Jeff Morgan is drawn to answering open questions, blazing his own trail where there hasn’t been a lot of prior research. After all, “most discoveries start with something unexpected, and then somebody who is willing, maybe dumb enough, to work it out,” he said. “Sometimes you find really cool things that change how we think.” 

Morgan upended dogma in biology when he was still in graduate school. He showed that some introns, stretches of noncoding DNA that fall away when the genes are expressed and previously thought insignificant, did play a role in signaling pathways involved in growth. 

He developed a passion for RNA biology working with David Bartel at MIT. Now he’s doing postdoctoral research at the University of Utah with Jared Rutter to understand how cells sense and respond to metabolic changes in the environment, in the cell’s identity during development, and in disease. It’s a marriage of RNA biology and the study of metabolism.

While proteins are typically thought to be better at sensing metabolite levels, Morgan is betting on RNA to find small molecules and metabolites with a remarkable affinity and specificity. Proteins have a wider landscape of chemical groups and amino acids, but he suspects RNA, with only its four bases, may prove to interact with metabolites in meaningful ways.
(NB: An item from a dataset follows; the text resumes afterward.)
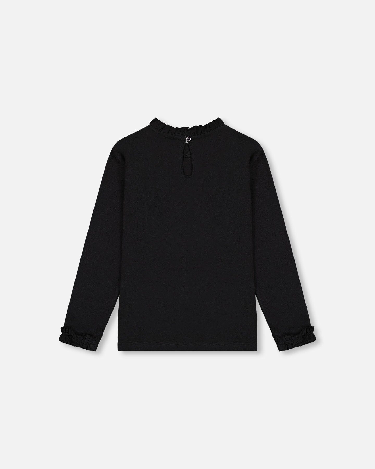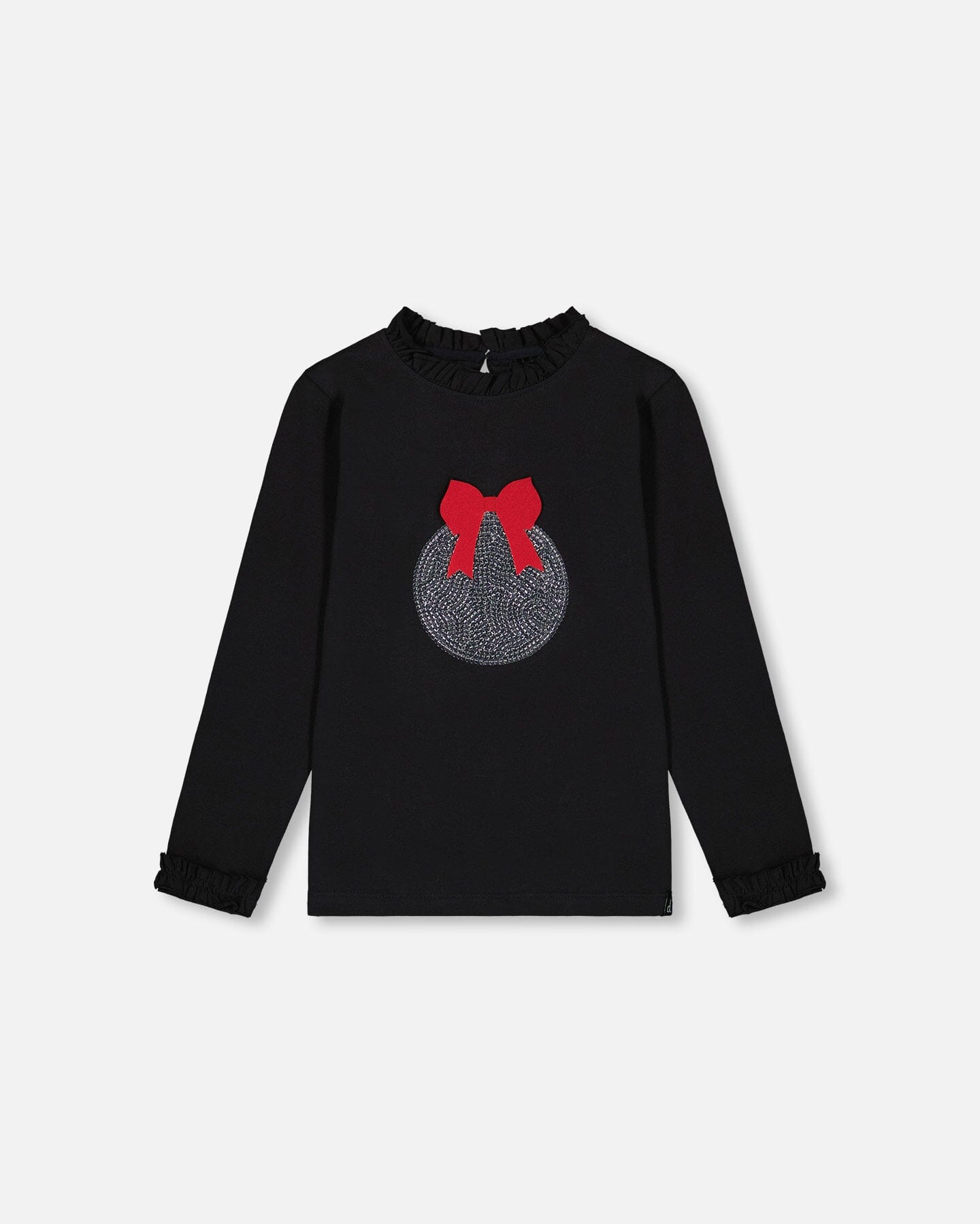 Little ruffles at the neck make our T-Shirt with Frill and Print Black extra special! In soft organic cotton fabric, this tee features long sleeves, a round neckline with little frills, and frilled accents at each wrist. A shiny ornament and bow graphic makes it perfect for any holiday party!

These connections matter in disease. Cancer, for one, is marked by metabolic differences. Shining a light on connections between metabolic machinery and the rest of the cell could illuminate what makes a healthy cell different from a malignant cell.

“Most discoveries start with something unexpected, and then somebody who is willing, maybe dumb enough, to work it out.”

Other scientists have looked at these relationships in bacteria, but Morgan wants to find them in organisms higher up the ladder — including people. 

“It’s a daunting topic for the field,” he asked. “But I think we’ll be able to do that.”